This document illustrates how the R package BayesTwin can be used to analyse item-level twin data.

First steps

Before you can actually use BayesTwin, you need to take a few steps:

Install and load package

Then you will need to install and load the package in R:

#install.packages("BayesTwin")
#library(BayesTwin)
library(devtools)
install_github("ingaschwabe/BayesTwin")
library(BayesTwin)

Data-simulation

We first simulate some data to show how the main function of BayesTwin works:

simulated_data = simulatetwin(n_mz = 2000, n_dz = 5000, var_a = 0.5, var_c = 0.3, 
                              model = "ACE", n_items = 40, ge = TRUE,
                              ge_beta0 = log(0.2), ge_beta1 = 0,
                              irt_model = "1PL")

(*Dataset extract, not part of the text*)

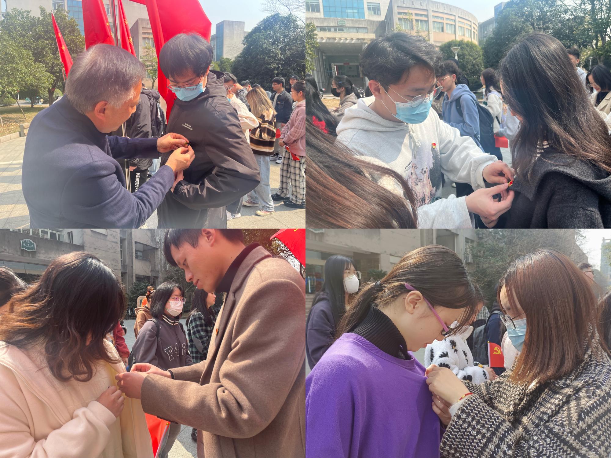 随后,与会老党员为新发展党员佩戴党徽。在蔡书记的带领下,全体新发展党员举起右拳,面向党旗,用慷慨激昂的语气庄严宣誓,表达对党的忠诚和为共产主义事业奋斗终生的决心。

The code above simulates item-level data of 2000 MZ twin pairs and 5000 DZ twin pairs under the ACE model. We just simulated item-level data of 2000 MZ twin pairs. For the generation of the item data, the one parameter logistic model (1PL) is used, meaning that we simulated dichotomous (0=FALSE,1=TRUE) item data as is typical for for example cognitive performance data (e.g., mathematical ability). The item data is saved in the object “simulated_data”.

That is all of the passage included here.